Records shown —
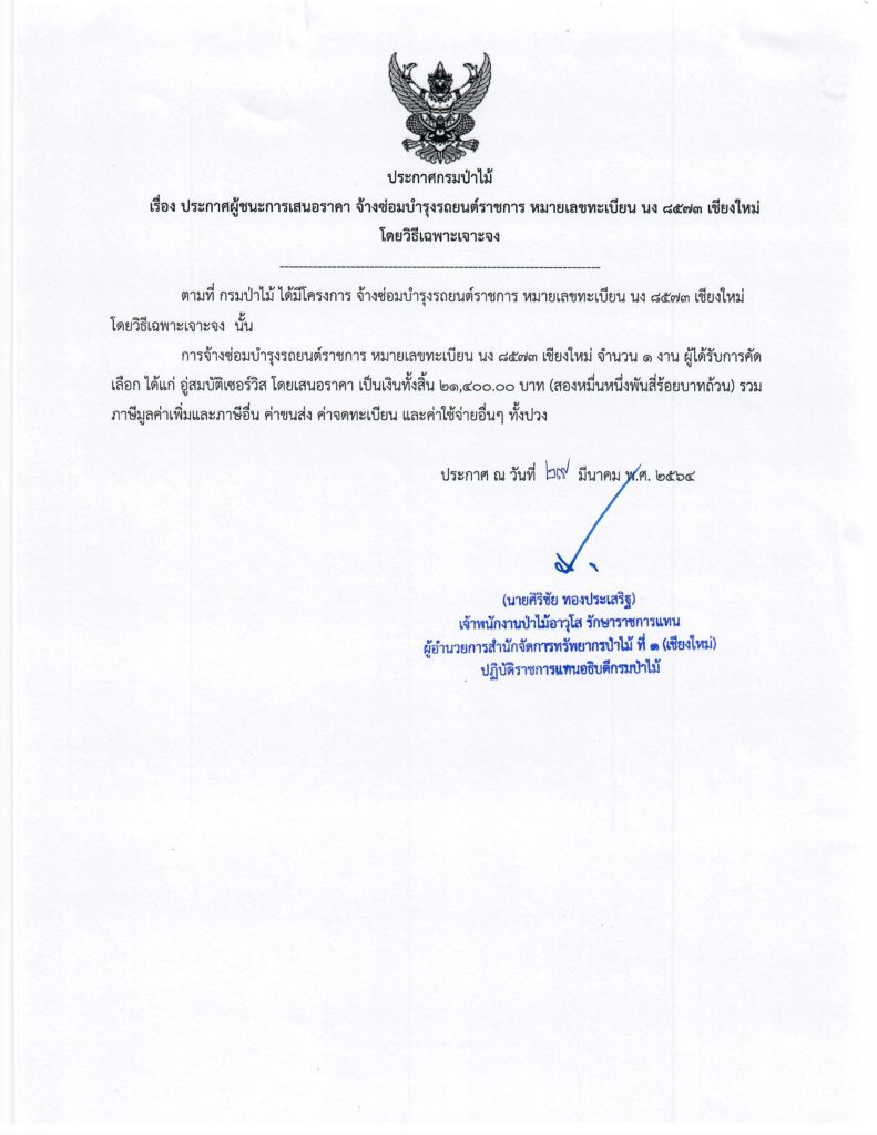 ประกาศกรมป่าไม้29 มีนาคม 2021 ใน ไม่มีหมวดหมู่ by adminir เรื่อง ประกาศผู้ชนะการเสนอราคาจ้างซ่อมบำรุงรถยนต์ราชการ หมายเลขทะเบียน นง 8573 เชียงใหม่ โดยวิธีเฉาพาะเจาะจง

--

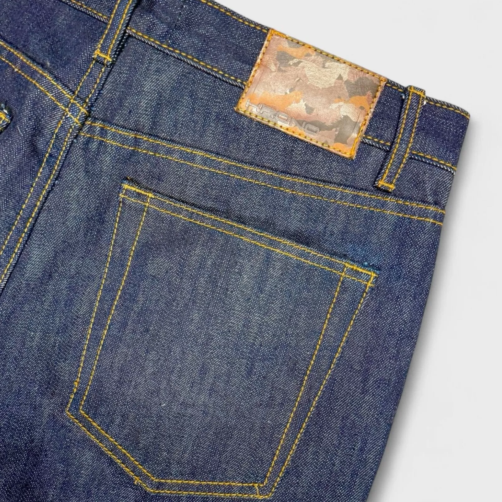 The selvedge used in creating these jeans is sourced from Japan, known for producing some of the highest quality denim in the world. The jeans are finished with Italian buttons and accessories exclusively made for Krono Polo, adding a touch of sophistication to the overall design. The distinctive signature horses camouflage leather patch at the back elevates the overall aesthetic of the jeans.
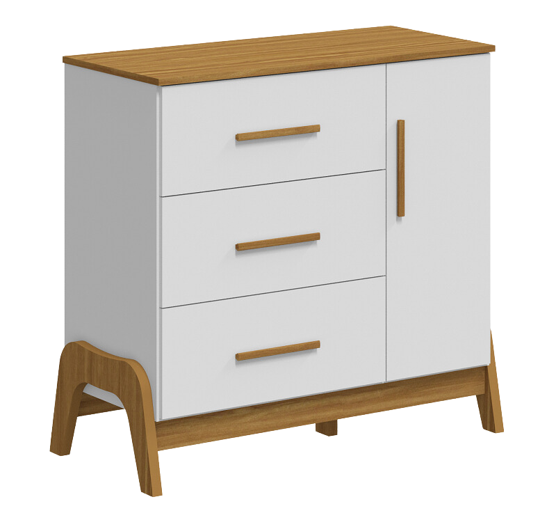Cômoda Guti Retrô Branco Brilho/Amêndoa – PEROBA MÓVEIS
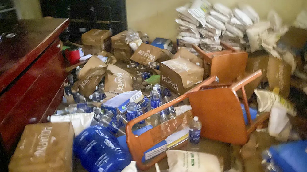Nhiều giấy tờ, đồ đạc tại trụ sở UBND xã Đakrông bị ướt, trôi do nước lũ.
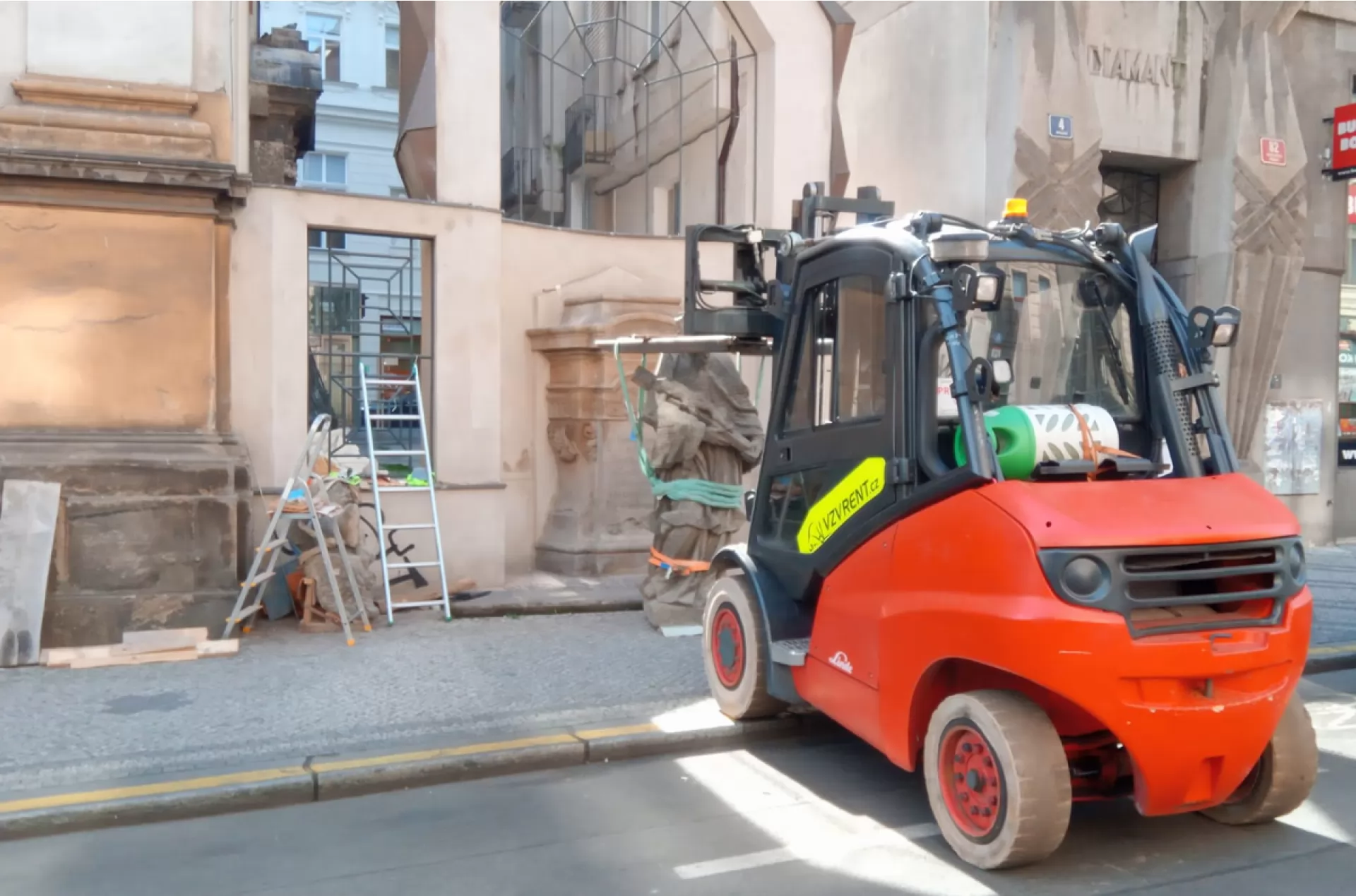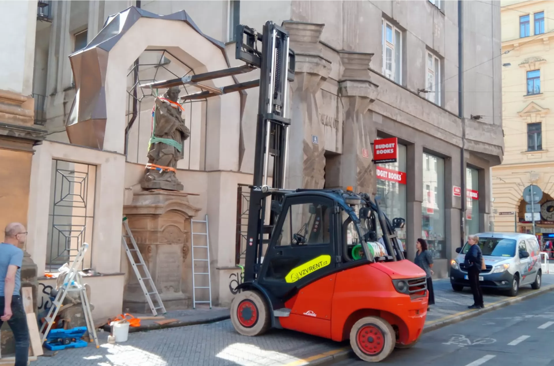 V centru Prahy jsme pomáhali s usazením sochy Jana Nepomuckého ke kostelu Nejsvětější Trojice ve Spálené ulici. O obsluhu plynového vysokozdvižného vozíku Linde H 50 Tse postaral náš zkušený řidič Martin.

...

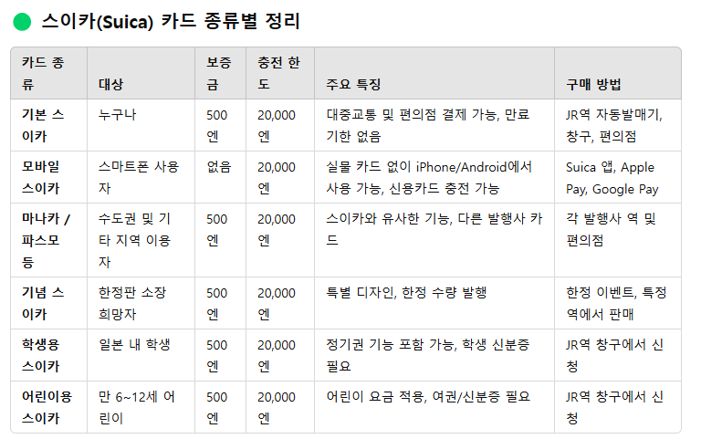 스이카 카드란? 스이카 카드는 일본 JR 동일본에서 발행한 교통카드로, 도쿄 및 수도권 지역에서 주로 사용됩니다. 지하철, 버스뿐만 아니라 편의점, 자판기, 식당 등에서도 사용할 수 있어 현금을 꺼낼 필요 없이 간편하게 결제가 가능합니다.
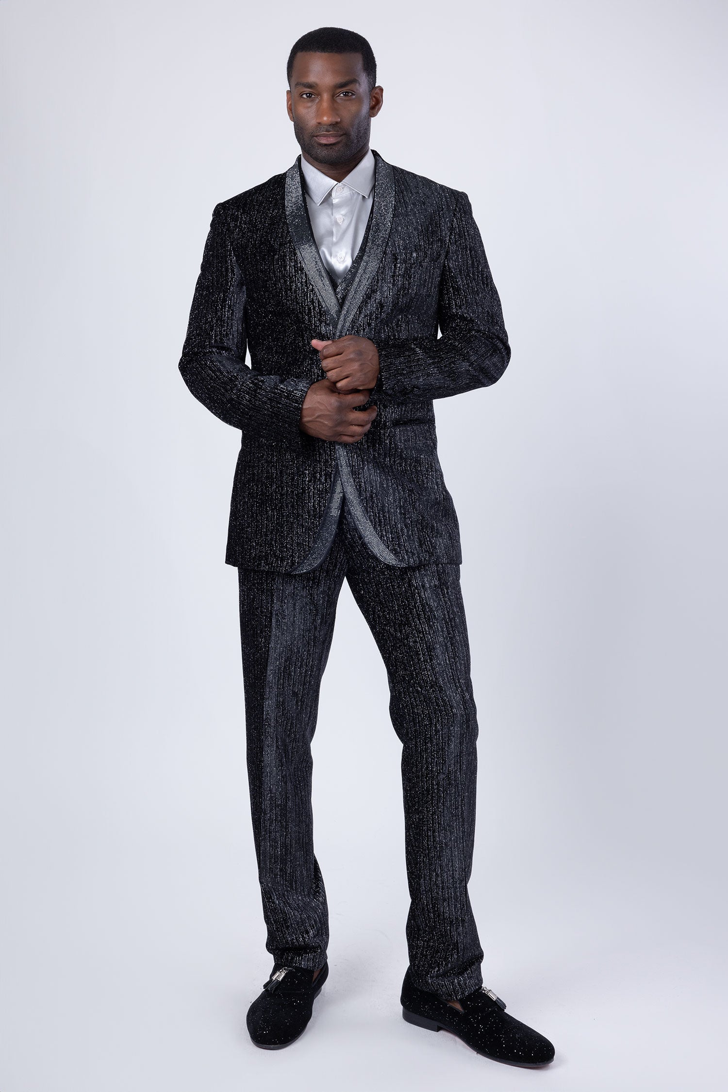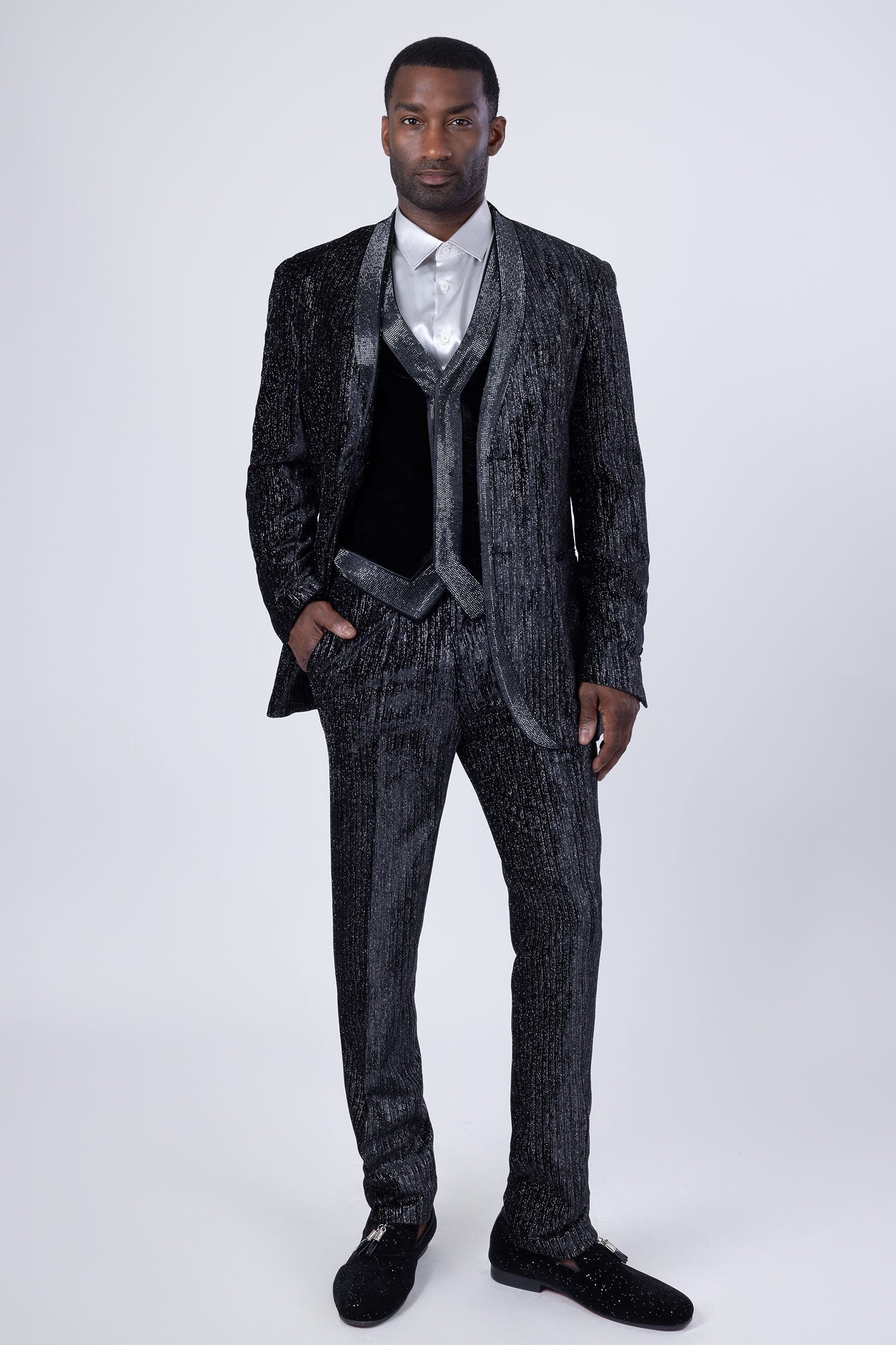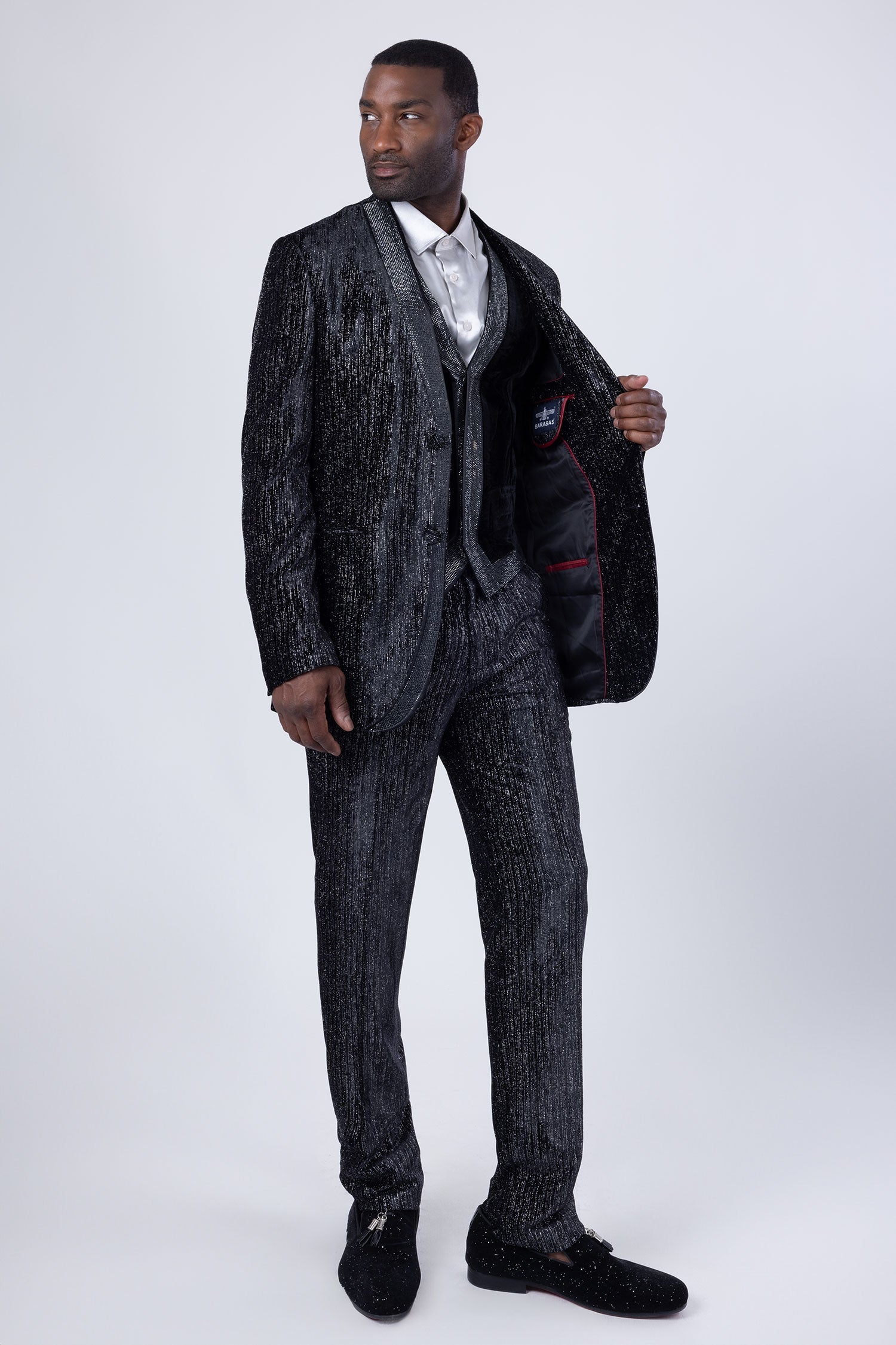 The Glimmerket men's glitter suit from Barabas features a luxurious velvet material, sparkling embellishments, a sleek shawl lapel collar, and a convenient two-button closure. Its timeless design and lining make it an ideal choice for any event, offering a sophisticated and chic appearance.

Task instructions —
Pictures aside, print exactly the lines above starting with the one containing "Cômoda Guti Retrô" and going on through the one containing "V centru Prahy".

Answer section —
Cômoda Guti Retrô Branco Brilho/Amêndoa – PEROBA MÓVEIS
Nhiều giấy tờ, đồ đạc tại trụ sở UBND xã Đakrông bị ướt, trôi do nước lũ.
 V centru Prahy jsme pomáhali s usazením sochy Jana Nepomuckého ke kostelu Nejsvětější Trojice ve Spálené ulici. O obsluhu plynového vysokozdvižného vozíku Linde H 50 Tse postaral náš zkušený řidič Martin.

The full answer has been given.